— Илюша! — говорю я своему помощнику. — Садитесь спиной к ветру и осторожно пересадите многоножек в пробирку со спиртом.

Но Илья что-то не в меру рассеян, поглядывает на небо, на озеро, на пустыню.

— Что стало с солнцем? — спрашивает он. — Мгла какая-то нашла, что ли?

И действительно, как я, увлекшись поисками, сразу не заметил: небо ясное, чуть розовое, солнце клонится к горизонту, будто померкло, не греют его лучи и озеро потемнело у горизонта, стало густо-синим, ржаво-коричневым у берегов.

— Странное творится с солнцем! — твердит Илья. — Пыльная буря поднялась на западе, что ли?

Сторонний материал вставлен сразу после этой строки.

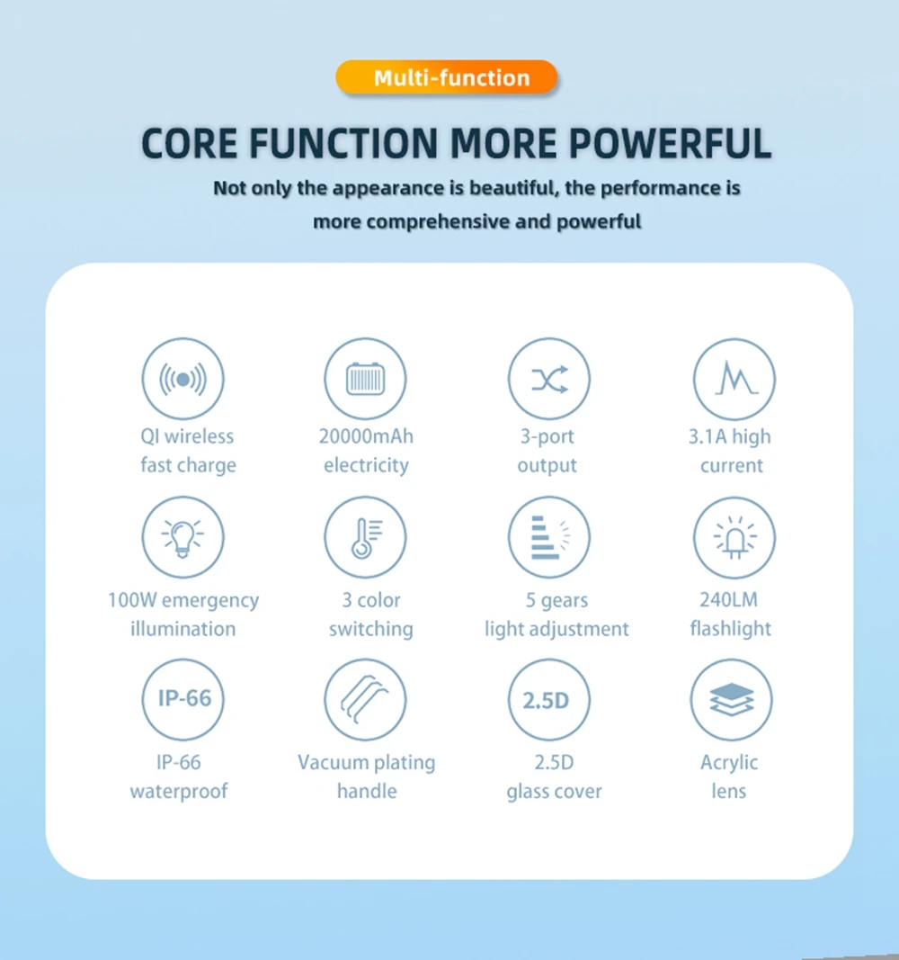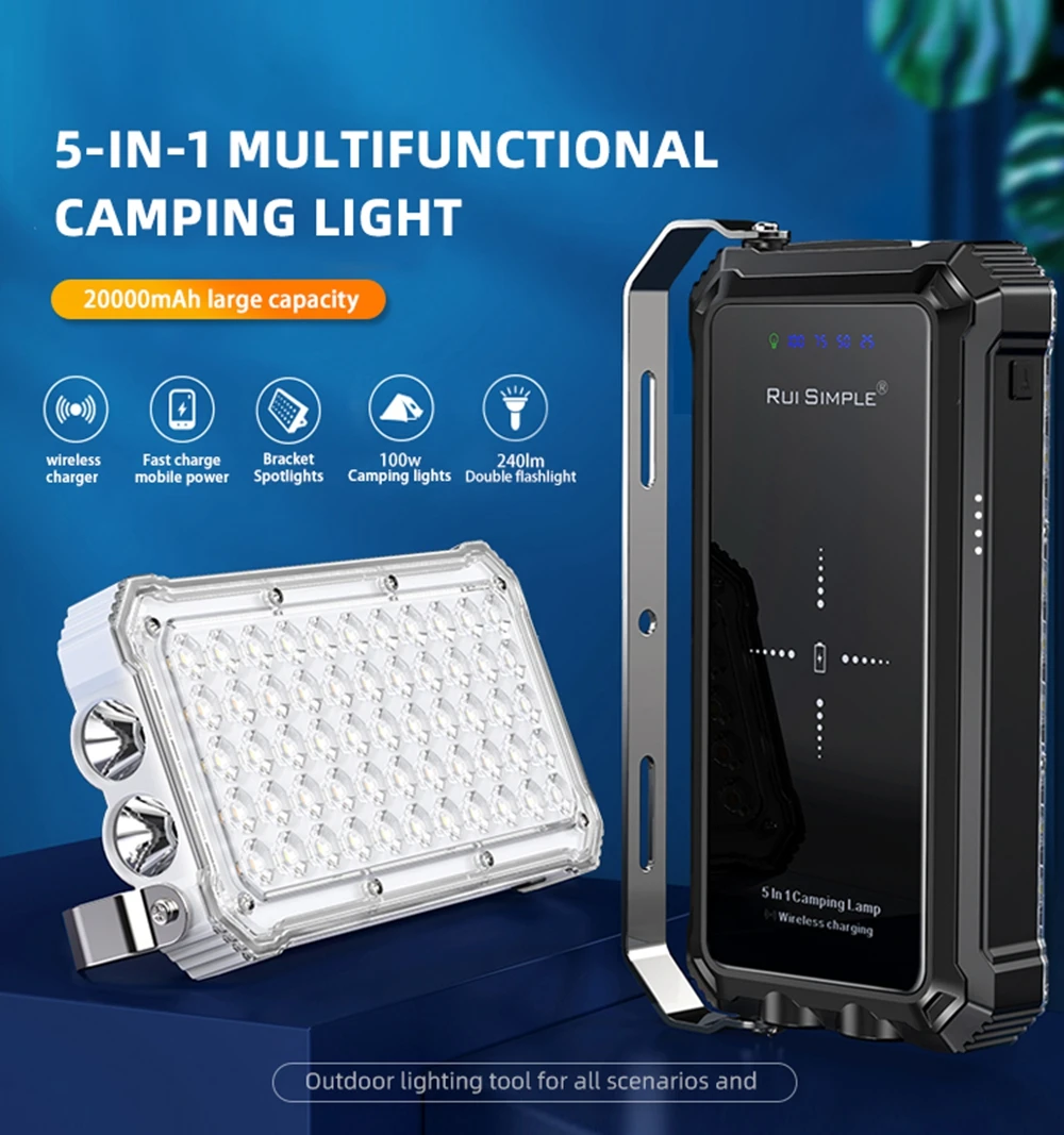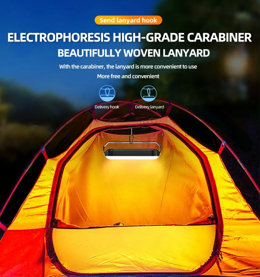 3. 2000mAh Power Bank : This camping light with DC 5V/2.1A USB output port, fast charging your cell phone/iPhone/tablet/other devices via dual USB charging cable when hiking or camping.

Необычное освещение неожиданно порождает неясное чувство беспокойства. Но надо заниматься поисками, и я, засунув голову под очередной куст, напрягаю зрение, пока не слышу возгласа моего помощника:

— Вот чертовщина! Сдул ветер многоножек!

Случилось то, что я больше всего опасался…

Солнце же еще больше потемнело. Странные тени побежали по земле. Озеро стало зловеще фиолетовым, с белыми, будто снежными барашками. Заснять бы на цветную пленку неожиданную игру цветов простора, но экспонометр показывает очень малую освещенность.

Пустыня, фиолетовое озеро, красные горы, розовые тростники, холодное, будто умирающее солнце — все было необыкновенным. Надо было посмотреть на солнце. Но от беглого взгляда через сильно прищуренные веки в глазах замелькали красные пятна. Через ткань сачка тоже ничего не увидеть. Были бы спички, можно было бы закоптить стекла очков. Но оба мы некурящие.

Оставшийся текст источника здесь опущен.